The Least Squares method also assumes that all the stochasticity in the data are independent from point-to-point. This is more or less true when you have a time series of incidence data. It generally isn’t true if you have a time series of population size (for instance, the population at the next time step is quite correlated to the population at the time step before… as soon as data points are correlated, they are not independent). For population data, it is better to fit to the change in population size from time step to time step, which should result in data that are more independent from point to point. Cumulative incidence data are also not independent… the data at the next time step is equal to the cumulative data at the last time step plus a little bit more… those two data points are highly correlated. Never use Least Squares methods to fit to cumulative incidence data. All standard fitting methods, in fact, have as an underlying assumption that the data are independent. So, as a general rule, don’t fit to cumulative incidence data at all.
I’m not going to discuss in this module the estimation of model parameter uncertainties with the Least Squares method, because it is beyond the scope of what I want to talk about here. If you want more information on that see here, and here. Be aware that violations of the underlying equal stochasticity assumption of least squares can not only can bias the parameter estimates, but also produce inefficient estimates of the parameter uncertainties; the estimated confidence intervals will be wrong.

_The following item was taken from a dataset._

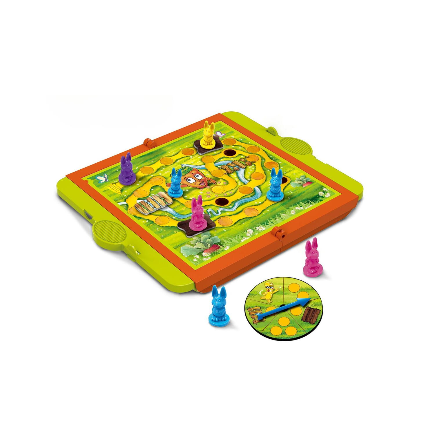 „Cursa Iepurasilor” este jocul perfect pentru a incuraja viteza si strategia intr-o atmosfera plina de rasete si aventura. Fii rapid, dar atent! Cum va evolua cursa? Vezi cine va castiga si cine va da peste cartita nervoasa!_x000D_ Caracteristici:_x000D_ _x000D_ Fii rapid si atent in timp ce topai pe tabla de joc, dar ai grija sa nu te lovesti de cartita nervoasa_x000D_ Un joc amuzant pentru intreaga familie, unde fiecare jucator va trebui sa faca pasi strategici pentru a ajunge primul la linia de sosire, fara a comite greseli_x000D_ Fiecare jucator va da cu rotita pentru a decide cati pasi va face cu iepurasul sau_x000D_ Topaie pe tablita de joc, avansand conform numarului indicat de rotita_x000D_ Fii atent la cartita nervoasa! Daca dai peste ea, va trebui sa te intorci inapoi_x000D_ Castiga primul jucator care ajunge la linia de sosire fara a gresi_x000D_ Ajuta la dezvoltarea unei gandiri rapide si decizii strategice_x000D_ Imbunatateste atentia la detalii si reflexele rapide_x000D_ Joc pentru 2 - 4 jucatori_x000D_ _x000D_ Setul include:_x000D_ _x000D_ tablita de joc pliabila_x000D_ 8 pioni sub forma de iepurasi in 4 culori ( mov, galben, roz, albastru)_x000D_ rotita din carton_x000D_ abtibild_x000D_ instructiuni_x000D_ _x000D_ Dimensiuni ambalaj: 21 x 14.5 x 4 cm _x000D_ Dimensiune aprox. tablita desfacuta: 19 x 17 cm _x000D_ Varsta recomandata: 4 ani+_x000D_ Atentie! Contraindicat copiilor mai mici de 3 ani. Jucaria/produsul poate contine piese mici care se pot inghiti sau inhala existand pericolul de sufocare sau nu este potrivita copiilor mai mici de 3 ani. Nu lasati ambalajele jucariilor/produselor la indemana copiilor. Pastrati instructiunile si etichetele pentru referinte viitoare.

If you would like to learn more about the underlying assumptions of the Least Squares method, see this module.
Things to try
Try finding some data for a different epidemic of an infectious disease (it needn’t be flu data) and fit for the R0 of the epidemic with a compartmental disease model appropriate for that disease (SEIR, SIR, SIS, SIRS, etc). Does the R0 that you get match the R0 for the disease that you find when doing literature searches in Google Scholar?